Task item
Everything below from the line with "Alter antiker Apothekerschrank" through the line with "8月28日,在五指山水满乡,海外华媒人士体验茶青采摘。中新网记者 骆云飞 摄" must be retyped exactly, except the pictures.

(Material provided)

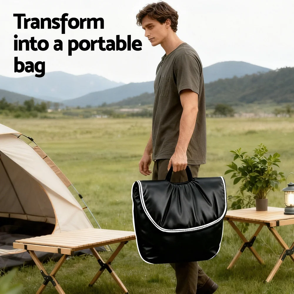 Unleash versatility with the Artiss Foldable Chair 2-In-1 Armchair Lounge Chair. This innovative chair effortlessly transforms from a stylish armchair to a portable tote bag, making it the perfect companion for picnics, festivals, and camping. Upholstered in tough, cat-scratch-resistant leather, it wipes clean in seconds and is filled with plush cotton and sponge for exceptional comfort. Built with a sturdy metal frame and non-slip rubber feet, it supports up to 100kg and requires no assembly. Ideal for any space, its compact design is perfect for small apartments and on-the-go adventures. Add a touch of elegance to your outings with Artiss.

(End Material provided)
(Material provided)

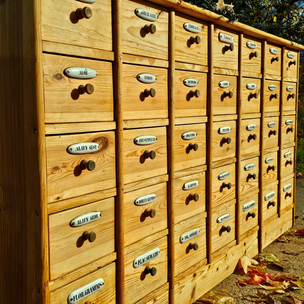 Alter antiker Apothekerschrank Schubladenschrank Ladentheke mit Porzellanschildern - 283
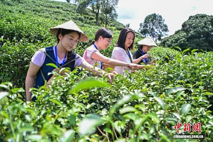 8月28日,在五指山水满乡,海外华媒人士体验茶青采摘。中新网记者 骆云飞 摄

(End Material provided)

Expected answer
 Alter antiker Apothekerschrank Schubladenschrank Ladentheke mit Porzellanschildern - 283
 8月28日,在五指山水满乡,海外华媒人士体验茶青采摘。中新网记者 骆云飞 摄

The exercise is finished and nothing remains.